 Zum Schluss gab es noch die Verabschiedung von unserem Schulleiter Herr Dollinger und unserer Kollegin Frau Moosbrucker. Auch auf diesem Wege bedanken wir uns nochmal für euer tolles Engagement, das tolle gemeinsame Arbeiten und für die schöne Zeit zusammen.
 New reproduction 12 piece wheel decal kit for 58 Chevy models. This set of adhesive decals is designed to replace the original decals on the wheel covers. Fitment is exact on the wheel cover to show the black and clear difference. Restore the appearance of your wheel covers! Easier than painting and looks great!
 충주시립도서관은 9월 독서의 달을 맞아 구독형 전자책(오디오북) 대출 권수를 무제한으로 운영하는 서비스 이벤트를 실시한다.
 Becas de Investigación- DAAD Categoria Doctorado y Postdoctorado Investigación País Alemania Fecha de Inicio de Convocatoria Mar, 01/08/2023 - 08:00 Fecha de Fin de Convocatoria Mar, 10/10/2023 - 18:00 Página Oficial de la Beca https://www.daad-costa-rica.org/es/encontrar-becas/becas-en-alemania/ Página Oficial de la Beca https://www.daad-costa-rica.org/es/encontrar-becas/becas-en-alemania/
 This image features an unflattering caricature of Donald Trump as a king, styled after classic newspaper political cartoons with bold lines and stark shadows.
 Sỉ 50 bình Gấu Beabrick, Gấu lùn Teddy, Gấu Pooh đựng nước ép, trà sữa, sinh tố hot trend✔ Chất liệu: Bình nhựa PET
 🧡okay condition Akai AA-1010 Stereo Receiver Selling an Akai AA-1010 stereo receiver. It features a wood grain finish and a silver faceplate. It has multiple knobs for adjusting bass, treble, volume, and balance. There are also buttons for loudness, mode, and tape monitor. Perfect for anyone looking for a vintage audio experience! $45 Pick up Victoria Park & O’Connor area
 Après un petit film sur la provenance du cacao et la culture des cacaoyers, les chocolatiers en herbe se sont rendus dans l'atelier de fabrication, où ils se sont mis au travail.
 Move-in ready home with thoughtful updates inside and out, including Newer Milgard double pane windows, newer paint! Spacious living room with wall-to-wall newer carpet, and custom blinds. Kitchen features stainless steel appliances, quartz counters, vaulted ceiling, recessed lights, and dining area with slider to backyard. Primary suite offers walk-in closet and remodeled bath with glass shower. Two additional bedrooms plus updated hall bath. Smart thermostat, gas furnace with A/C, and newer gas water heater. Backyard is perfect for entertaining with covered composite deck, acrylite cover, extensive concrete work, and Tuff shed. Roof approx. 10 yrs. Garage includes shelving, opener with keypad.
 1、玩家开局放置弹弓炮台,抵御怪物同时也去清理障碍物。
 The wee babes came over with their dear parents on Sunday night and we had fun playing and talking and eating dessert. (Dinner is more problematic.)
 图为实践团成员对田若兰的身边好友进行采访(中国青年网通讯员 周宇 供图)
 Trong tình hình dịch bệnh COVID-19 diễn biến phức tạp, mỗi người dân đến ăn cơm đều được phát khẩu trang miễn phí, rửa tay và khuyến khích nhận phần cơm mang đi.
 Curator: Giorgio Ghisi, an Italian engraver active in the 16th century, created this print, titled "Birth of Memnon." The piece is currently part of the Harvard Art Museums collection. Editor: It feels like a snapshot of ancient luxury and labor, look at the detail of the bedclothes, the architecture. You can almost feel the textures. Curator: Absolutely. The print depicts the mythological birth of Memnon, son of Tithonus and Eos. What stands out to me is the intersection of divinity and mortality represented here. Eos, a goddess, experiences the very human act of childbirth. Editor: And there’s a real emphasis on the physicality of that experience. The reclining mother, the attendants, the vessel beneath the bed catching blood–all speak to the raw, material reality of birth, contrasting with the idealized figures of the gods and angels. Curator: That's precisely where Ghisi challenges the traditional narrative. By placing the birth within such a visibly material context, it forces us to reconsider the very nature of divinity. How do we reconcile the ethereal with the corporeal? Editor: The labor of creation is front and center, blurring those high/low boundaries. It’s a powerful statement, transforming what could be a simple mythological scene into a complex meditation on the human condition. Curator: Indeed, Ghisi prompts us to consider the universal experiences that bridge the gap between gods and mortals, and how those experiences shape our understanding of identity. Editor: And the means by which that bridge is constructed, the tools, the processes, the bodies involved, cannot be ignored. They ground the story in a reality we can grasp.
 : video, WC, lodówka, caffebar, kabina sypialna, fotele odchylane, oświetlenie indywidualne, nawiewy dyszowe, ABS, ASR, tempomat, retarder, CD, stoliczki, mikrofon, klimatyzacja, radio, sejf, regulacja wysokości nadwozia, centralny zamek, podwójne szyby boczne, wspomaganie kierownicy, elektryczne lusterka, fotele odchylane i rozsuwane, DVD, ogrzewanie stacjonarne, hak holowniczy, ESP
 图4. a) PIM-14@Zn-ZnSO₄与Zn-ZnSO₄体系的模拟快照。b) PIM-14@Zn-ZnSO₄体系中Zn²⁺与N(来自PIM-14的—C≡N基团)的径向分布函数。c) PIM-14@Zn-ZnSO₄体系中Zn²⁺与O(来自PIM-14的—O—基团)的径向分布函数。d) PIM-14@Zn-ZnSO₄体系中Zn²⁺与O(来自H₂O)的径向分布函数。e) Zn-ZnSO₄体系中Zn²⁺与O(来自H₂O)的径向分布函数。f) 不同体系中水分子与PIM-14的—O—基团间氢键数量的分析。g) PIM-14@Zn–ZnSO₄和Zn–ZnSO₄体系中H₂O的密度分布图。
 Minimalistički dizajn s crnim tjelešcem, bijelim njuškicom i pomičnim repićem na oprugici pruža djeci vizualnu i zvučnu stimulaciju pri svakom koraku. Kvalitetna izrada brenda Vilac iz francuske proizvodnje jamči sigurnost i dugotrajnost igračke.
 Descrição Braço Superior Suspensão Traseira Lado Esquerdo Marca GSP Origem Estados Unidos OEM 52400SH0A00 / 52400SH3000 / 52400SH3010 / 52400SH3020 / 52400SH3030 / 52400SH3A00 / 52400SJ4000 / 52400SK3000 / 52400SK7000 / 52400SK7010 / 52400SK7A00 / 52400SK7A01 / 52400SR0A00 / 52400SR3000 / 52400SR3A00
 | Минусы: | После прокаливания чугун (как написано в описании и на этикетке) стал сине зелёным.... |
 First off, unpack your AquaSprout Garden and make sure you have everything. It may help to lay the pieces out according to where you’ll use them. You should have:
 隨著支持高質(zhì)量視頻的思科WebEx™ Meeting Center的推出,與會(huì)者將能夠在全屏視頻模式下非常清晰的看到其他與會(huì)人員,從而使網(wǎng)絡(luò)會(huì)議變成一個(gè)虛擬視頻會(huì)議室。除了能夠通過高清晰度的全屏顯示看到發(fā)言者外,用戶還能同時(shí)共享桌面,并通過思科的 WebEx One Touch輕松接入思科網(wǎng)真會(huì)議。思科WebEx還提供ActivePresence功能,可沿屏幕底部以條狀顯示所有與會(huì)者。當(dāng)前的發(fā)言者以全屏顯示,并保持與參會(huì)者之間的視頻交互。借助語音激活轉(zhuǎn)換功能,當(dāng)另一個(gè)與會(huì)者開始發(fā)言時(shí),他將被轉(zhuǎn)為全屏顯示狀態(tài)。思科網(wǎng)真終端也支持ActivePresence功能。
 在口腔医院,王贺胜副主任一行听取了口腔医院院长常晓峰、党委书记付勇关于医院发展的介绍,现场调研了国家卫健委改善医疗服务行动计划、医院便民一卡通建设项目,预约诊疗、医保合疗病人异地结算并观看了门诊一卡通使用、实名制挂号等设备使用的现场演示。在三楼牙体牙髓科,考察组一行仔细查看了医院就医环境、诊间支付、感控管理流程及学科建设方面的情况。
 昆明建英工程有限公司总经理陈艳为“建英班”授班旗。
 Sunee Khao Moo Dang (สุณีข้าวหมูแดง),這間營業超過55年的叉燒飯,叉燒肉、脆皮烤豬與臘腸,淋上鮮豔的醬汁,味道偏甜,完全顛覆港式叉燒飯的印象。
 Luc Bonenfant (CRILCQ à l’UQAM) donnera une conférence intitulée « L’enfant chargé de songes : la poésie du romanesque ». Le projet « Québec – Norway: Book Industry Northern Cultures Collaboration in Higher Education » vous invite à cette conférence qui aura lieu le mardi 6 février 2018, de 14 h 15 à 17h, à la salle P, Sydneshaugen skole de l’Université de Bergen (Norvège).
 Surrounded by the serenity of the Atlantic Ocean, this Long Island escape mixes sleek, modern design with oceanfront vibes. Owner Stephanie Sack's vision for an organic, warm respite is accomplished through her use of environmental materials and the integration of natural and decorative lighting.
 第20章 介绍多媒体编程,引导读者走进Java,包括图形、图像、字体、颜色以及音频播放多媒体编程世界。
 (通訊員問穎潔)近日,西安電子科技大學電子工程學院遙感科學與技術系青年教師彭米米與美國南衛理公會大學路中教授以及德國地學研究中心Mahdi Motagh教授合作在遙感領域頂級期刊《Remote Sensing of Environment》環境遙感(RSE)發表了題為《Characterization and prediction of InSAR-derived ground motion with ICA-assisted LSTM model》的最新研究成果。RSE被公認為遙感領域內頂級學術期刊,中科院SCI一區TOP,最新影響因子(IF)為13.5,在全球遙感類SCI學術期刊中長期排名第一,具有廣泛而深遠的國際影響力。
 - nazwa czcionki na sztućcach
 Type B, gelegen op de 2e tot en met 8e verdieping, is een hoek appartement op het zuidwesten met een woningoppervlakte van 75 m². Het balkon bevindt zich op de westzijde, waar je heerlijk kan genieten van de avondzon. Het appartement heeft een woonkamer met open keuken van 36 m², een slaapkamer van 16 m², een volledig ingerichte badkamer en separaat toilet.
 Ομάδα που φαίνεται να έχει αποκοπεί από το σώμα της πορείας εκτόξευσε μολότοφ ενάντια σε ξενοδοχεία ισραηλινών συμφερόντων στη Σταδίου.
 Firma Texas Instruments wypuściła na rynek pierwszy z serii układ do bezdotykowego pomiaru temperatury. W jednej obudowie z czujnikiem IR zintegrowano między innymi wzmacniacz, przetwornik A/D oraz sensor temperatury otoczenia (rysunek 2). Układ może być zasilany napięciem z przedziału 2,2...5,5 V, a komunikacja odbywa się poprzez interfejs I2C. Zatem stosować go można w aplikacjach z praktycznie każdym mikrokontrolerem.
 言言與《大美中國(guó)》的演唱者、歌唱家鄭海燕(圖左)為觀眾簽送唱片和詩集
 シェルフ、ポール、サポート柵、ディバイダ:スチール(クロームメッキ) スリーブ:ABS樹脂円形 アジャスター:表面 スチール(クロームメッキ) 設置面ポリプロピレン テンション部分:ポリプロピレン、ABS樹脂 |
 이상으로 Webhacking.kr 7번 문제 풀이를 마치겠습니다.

------

What is needed> Write down again, exactly as given, only the lines above that fall from the line with "충주시립도서관은 9월 독서의" to the line with "Sỉ 50 bình Gấu", inclusive.

Response area>
 충주시립도서관은 9월 독서의 달을 맞아 구독형 전자책(오디오북) 대출 권수를 무제한으로 운영하는 서비스 이벤트를 실시한다.
 Becas de Investigación- DAAD Categoria Doctorado y Postdoctorado Investigación País Alemania Fecha de Inicio de Convocatoria Mar, 01/08/2023 - 08:00 Fecha de Fin de Convocatoria Mar, 10/10/2023 - 18:00 Página Oficial de la Beca https://www.daad-costa-rica.org/es/encontrar-becas/becas-en-alemania/ Página Oficial de la Beca https://www.daad-costa-rica.org/es/encontrar-becas/becas-en-alemania/
 This image features an unflattering caricature of Donald Trump as a king, styled after classic newspaper political cartoons with bold lines and stark shadows.
 Sỉ 50 bình Gấu Beabrick, Gấu lùn Teddy, Gấu Pooh đựng nước ép, trà sữa, sinh tố hot trend✔ Chất liệu: Bình nhựa PET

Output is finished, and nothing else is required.